# D.940 Fantaise in F minor for Piano Four-hands



## peeyaj

The Fantasia in F minor by Franz Schubert, D.940 (Op. posth. 103), for piano four-hands (two players at one piano), is one of Schubert's most important works for more than one pianist and one of his most important piano works altogether. Schubert composed it in 1828, the last year of his life, and dedicated it to his pupil, Karoline Esterházy.

Musicologist Christopher Gibbs has characterized the work as "among not only his greatest but his most original" compositions for piano duet.



> Schubert wrote more popular works for piano, four hands and longer works for piano, four hands, but he never wrote a better work for piano, four hands than the Fantaisie in F minor, D. 940. Composed in January 1828, the work was premiered by Schubert and his friend, composer Franz Lachner, on May 9 of the same year at one the year's few Schuebrtiads. The work is in four continuous sections unified by the opening theme's melancholy tone of endless tragedy. It opens in the tonic with the sad, simple, and soulful tune Allegro molto moderato. This is followed by a stormy Largo in F sharp minor of tremendous pathos and power, then an Allegro vivace Scherzo also in F sharp minor. The tonic returns for the final section, a massive double fugue with a new subject set against the opening tune as a second subject. After an enormous polyphonic climax and a brief pause, the sad, simple, and soulful tune returns one last time, battered and beaten, but still singing its elegiac song.

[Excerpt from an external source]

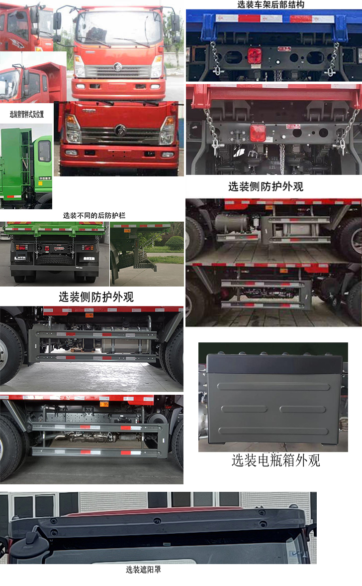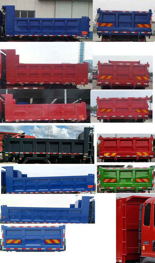 倾卸方式为后卸;选装货箱外观,选装货箱前、侧、后边板不同横、竖筋数量的多种结构形式外观;选装前面罩、前部灯具、保险杠及后视镜;选装背管样式及位置;选装不同贴花及文字标贴;选装侧防护外观;选装车架后部结构,选装电瓶箱外观,选装遮阳罩;该车装有卫星定位功能的行驶记录仪;防护栏均采用Q235钢板滚压成型,均采用螺栓连接方式;后防装置下边缘的最大离地高度为480mm,断面尺寸为120mm×20mm;120mm×60mm、120mm×50mm;发动机WP4.1NQ190E61油耗申报值为27.5,D30TCIF4油耗申报值为27.5,D43TCIF2油耗申报值为27.5,D45TCIF2油耗申报值为27.5,YCS04200-68油耗申报值为27.5,YCS04180-68油耗申报值为27.5,WP3NQ160E61油耗申报值为27.0;ABS型号为:VIE ABS-II,生产厂家为:浙江万安科技股份有限公司; |

Another Schubert favorite, this is perhaps my favorite compositions for piano duet. DDD ranked it first in greatest duets.. 

I have a soft spot for this recording:










Listen:











*What do you think of this piece? * Any favorite recordings?


----------



## elgar's ghost

I'm a staunch fan of Schubert's four-hand piano works - other favourites of mine include the Grand Duo sonata, the Grande Marche funebre the Divertissement a la hongroise and the Divertissement a la francaise. Even the lighter marches and dances (some written for his pupils) seemed to transcend their slender proportions.

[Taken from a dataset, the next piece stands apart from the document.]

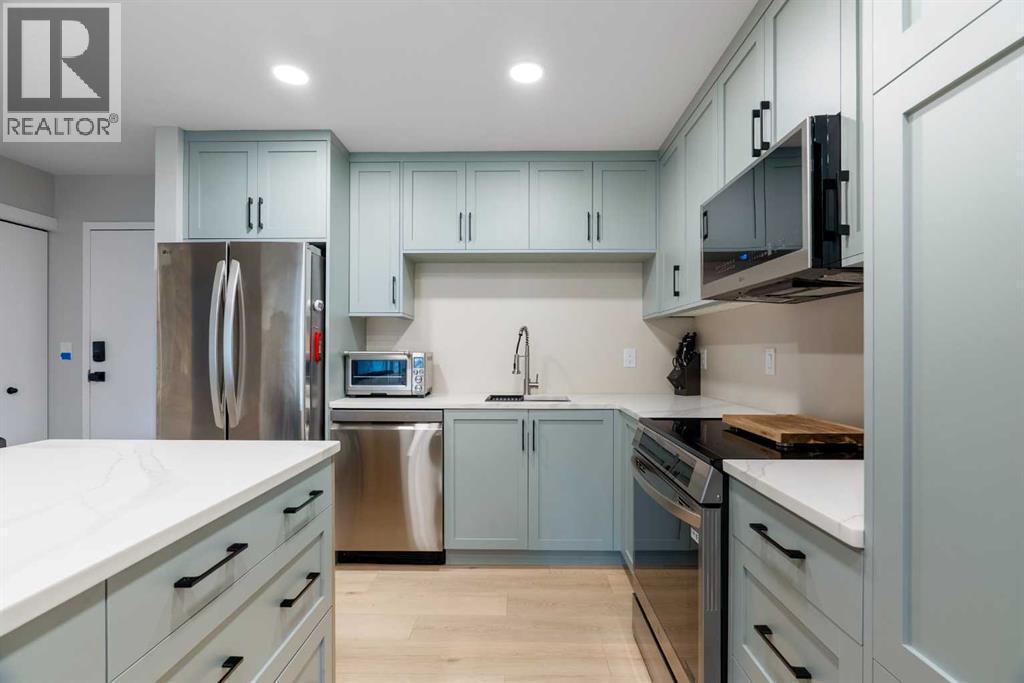 Welcome to 214-610 Signal Road! This amazing unit was FULLY RENOVATED IN 2025 with CALIFORNIA KNOCK DOWN ceiling with pot lights, ENGINEERED BIRCH flooring throughout and is ROUGHED-IN for dual AC. As you walk in, you will be impressed by the design of the ALL-NEW kitchen featuring a massive 8 FT ISLAND, stain proof FORMICA backsplash, QUARTZ countertop, PLENTY of sleek cabinets by JOS-WILL, under cabinet lighting and brand-new stainless-steel appliances with an induction stovetop. The bright living room has large windows, an electric fireplace for cozy nights and a door to access your private balcony. Down the hall are the bedrooms, the laundry room and a 4-piece bathroom with Formica counter and nicely tiled tub/shower combo. The spacious primary has a 3-piece ensuite with a tiled stand-up shower added. Unit has its own shut off valves one of the only ones in the building. Don’t miss the opportunity to call this place home and book your private showing today! (id:6769)

As for the Fantasie, I have two recordings - a live one from Aldeburgh featuring Britten and Richter and a studio one with Eschenbach and Frantz but I don't prefer one over the other.


----------



## PetrB

This is a quietly monumental work, quintessential Schubert, iconic at least in my imagination.

I recommend too, the performances by Sviatoslav Richter and Benjamin Britten (!) 
(Playlist...)





and Emil and Elena Gilels (ahem.)


----------



## peeyaj

@PetrB

I am not really enamored with Britten and Richter's recording. The sound is muddled and I there is no indication who is the primero and segundo..


----------



## kv466

This has actually been one of my favorite Schubert works since I was a kid simply because it was on this disc. That answers the question of what my favorite recording is although I haven't exactly gone crazy comparing; I find this one to be just right. Why I don't love much of their stuff separately, Radu and Murray sure play great _together_.


----------



## PetrB

peeyaj said:


> @PetrB
> 
> I am not really enamored with Britten and Richter's recording. The sound is muddled and I there is no indication who is the primero and segundo..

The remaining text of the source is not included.